Mohon tunggu...
dinaauliaaa
dinaauliaaa Mohon Tunggu... Mahasiswa - Mahasiswa UIN Raden Mas said Surakarta

mempunyai hobi menulis dan membaca

Selanjutnya

Tutup

Sosbud Pilihan

Budaya Sadranan di Cepogo Sama Ramainya Seperti Lebaran

21 Maret 2024   10:47 Diperbarui: 21 Maret 2024   11:00 89
+
Laporkan Konten
Laporkan Akun
Kompasiana adalah platform blog. Konten ini menjadi tanggung jawab bloger dan tidak mewakili pandangan redaksi Kompas.
Lihat foto
Bagikan ide kreativitasmu dalam bentuk konten di Kompasiana | Sumber gambar: Freepik

Indonesia mempunyai kekayaan akan suku, bahasa dan budaya. Seperti yang terjadi di tengah-tengah masyarakat suku jawa yang masih sangat kental akan tradisi dan budayanya, terutamanya di Jawa Tengah khususnya daerah Cepogo,Boyolali. Salah satunya yaitu tradisi "sadranan" atau masyarakat jawa sering menyebutnya dengan kata nyadran atau ruwahan. Sadranan berasal dari bahasa sanskerta yaitu "sraddha" yang berarti keyakinan. Nyadran digunakan sebagai metode dakwah yang dibawakan oleh walisongo yang mengabungkan antara tradisi hindu-budha dengan ajaran islam yang bertujuan agar masyarakat jawa mudah untuk menerima ajaran islam tersebut. 

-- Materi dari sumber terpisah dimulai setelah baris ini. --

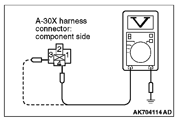 STEP 3. Measure the power supply voltage at MFI relay harness side connector A-30X.
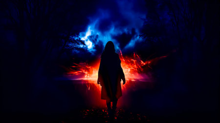 Mysterious dark forest with fog and silhouette of a man in a red cloak
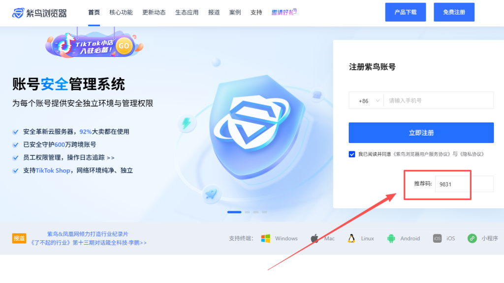 第2步,注册紫鸟浏览器账号,记得填写推荐码9831,有139元优惠券。
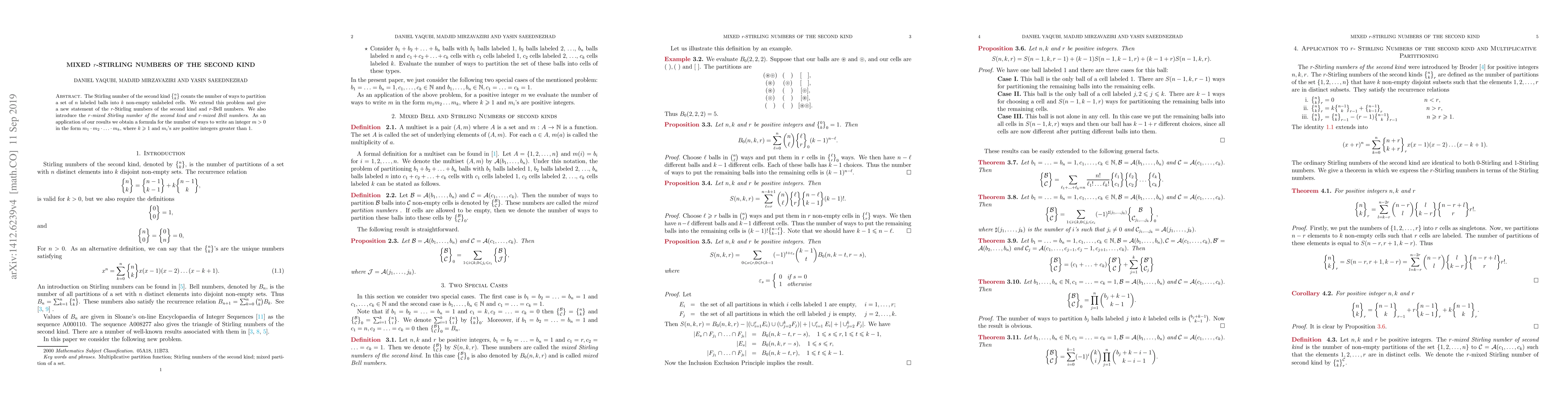 This paper extends the concept of Stirling numbers of the second kind to mixed partitions, introducing mixed r-Stirling numbers that count ways to partition labeled balls into labeled cells. It also presents new formulations for $r$-Stirling numbers of the second kind and $r$-mixed Bell numbers, along with an evaluation of the number of ways to express a positive integer as a product of integers greater than 1.
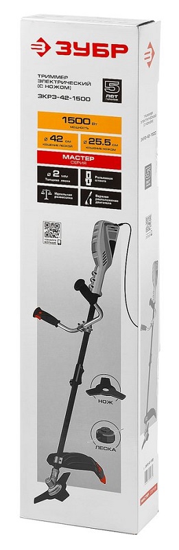 Технические характеристики триммера электрического (электрокоса) ЗУБР ЗКРЭ-42-1500

 Sadranan biasanya dilakukan pada bulan sya'ban atau masyarakat Jawa menyebutnya dengan Ruwah / Ruwahan. Dimana tradisi ini di laksanakan dalam rangka menyambut bulan suci Ramadhan. Bisanya rangkaian kegiatan sadranan ini meliputi besik atau membersihkan makam-makam leluhur, dilanjutkan dengan kegiatan ziarah kubur dan tabur bunga untuk mendoakan para leluhur dan keluarga yang sudah meninggal. Adapun puncak acara sadranan yaitu menyelengarakan selamatan atau kenduri yang di awali dengan pembacaan ayat Al-Quran, zikir, tahlil dan doa sebagai bentuk hubungan atara leluhur dengan sesama manusia dan dengan Tuhan, lalu ditutup dengan makan bersama.

 Menurut pendapat masyarakat sekitar Cepogo, Boyolali "Sadranan itu kegiatan yang biasa dilakukan warga sekitar setiap bulan sya'ban di kalender hijriah dengan mengujungi makam di daerah sekitar, untuk mendoakan para leluhur. Kegiatan sadranan sendiri ada banyak macamnya ada gotong royong bersih makam, doa bersama. gong kegiatan yang paling meriah yaitu makan bersama setelah doa di makam, yang biasanya dilanjut dirumah dengan mengundang para kerabat." tutur lorenzzo saat kami wawancarai pada Minggu 1/03/2024. Suasana saat sadranan juga sangat ramai, bahkan ada yang mengatakan sadranan sama ramainya dengan lebaran. Dikarenakan saat acara sadranan bukan hanya dihadiri warga setempat namun warga sekitar, warga beda kabupaten dan kerabat jauh yang merantau pun kembali ke desa untuk nyadran di Cepogo.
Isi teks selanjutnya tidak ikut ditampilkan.